Fettuccini in a Tomato Garlic Sauce, Fine Herbs and Parmesan
Main Courses
Date: August 9, 2016
  • 250 grams flour (about 2 cups)
  • 3 eggs, lightly beaten
  • 1 tablespoon water, if needed
  • 1 teaspoon olive oil
Preparation Steps:
  1. Place flour on a clean surface. Make a hole in the center and add the eggs, and oil. Begin incorporating the flour using a fork to pull it into the center. It’s ok if there are lumps.
  2. Add water if still crumbly or if it doesn’t all “stick” together. You want the dough to form a ball.
  3. Once the mixture is combined, begin kneading. This may take 10-15 minutes. Continue kneading until dough is smooth.
  4. Wrap in plastic wrap and set aside at room temperature for at least 25 minutes but no more than an hour. Place in fridge if the dough is going to be rolled out the next day.
  5. You can also place all ingredients into a stand mixer and mix with a dough hook until it forms a smooth ball.
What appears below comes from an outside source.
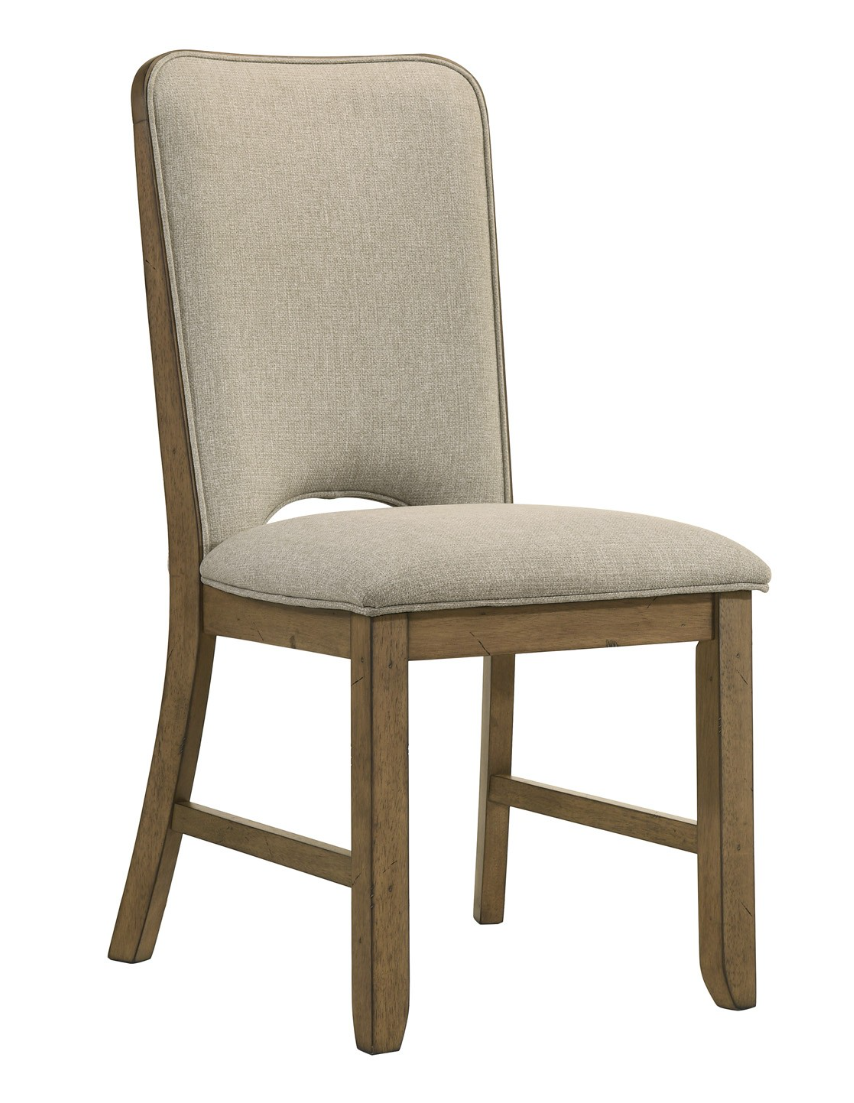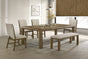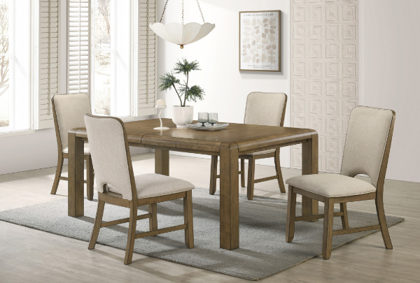 Warm and inviting, this dining group brings a natural charm to the home with its rustic wood tones and clean, understated lines. The rectangular table features a subtly rounded edge and a durable, plank-style top that extends to accommodate extra guests, making it ideal for both everyday dining and special gatherings. Upholstered chairs and bench offer padded seating in a soft, neutral fabric that enhances comfort while complementing the warm wood finish. The design balances casual elegance with practical versatility, creating a welcoming atmosphere perfect for modern family living.

Finish kneading on a clean surface before wrapping in plastic wrap.
  6. Bring to room temperature before rolling out the dough.
  7. Follow the instructions on the pasta machine. Make sure to start at the lowest number (widest the machine will go) and work your way up, not skipping any numbers.
  8. Then feed the pasta through the fettuccini attachment (usually the thicker one). Dust with flour and make a nest on a floured surface until ready to boil.

Ingredients (Sauce):

  • 2.5 pounds tomatoes, if not in season use whole canned tomatoes)
  • 5 cloves garlic, peeled and minced
  • 2-3 tablespoons olive oil
  • 2 tablespoons tomato paste
  • salt and pepper
  • ¾ -1 cup grated Parmesan cheese
  • extra pasta water, if needed
  • 2 tablespoons chopped parsley
  • 2 tablespoons chopped chives


  1. Make a small X with your knife on the bottom of each tomato. (Just breaking the skin.)
  2. Add to a pot of boiling water for about 20 seconds. You will start to see the skin peel away where you made the X.
  3. Immediately submerge in an ice water bath until cooled.
  4. With a pairing knife, peel the tomato. Then chop into small pieces (you may also use a food processor for this).
  5. Sauté garlic in a Dutch oven and then add tomato paste.
  6. Add in the tomatoes and season with salt and pepper. Simmer for 20 minutes or so.
  7. Once pasta is cooked add to the tomato sauce and combine with herbs and half the Parmesan before plating. Top with remaining cheese.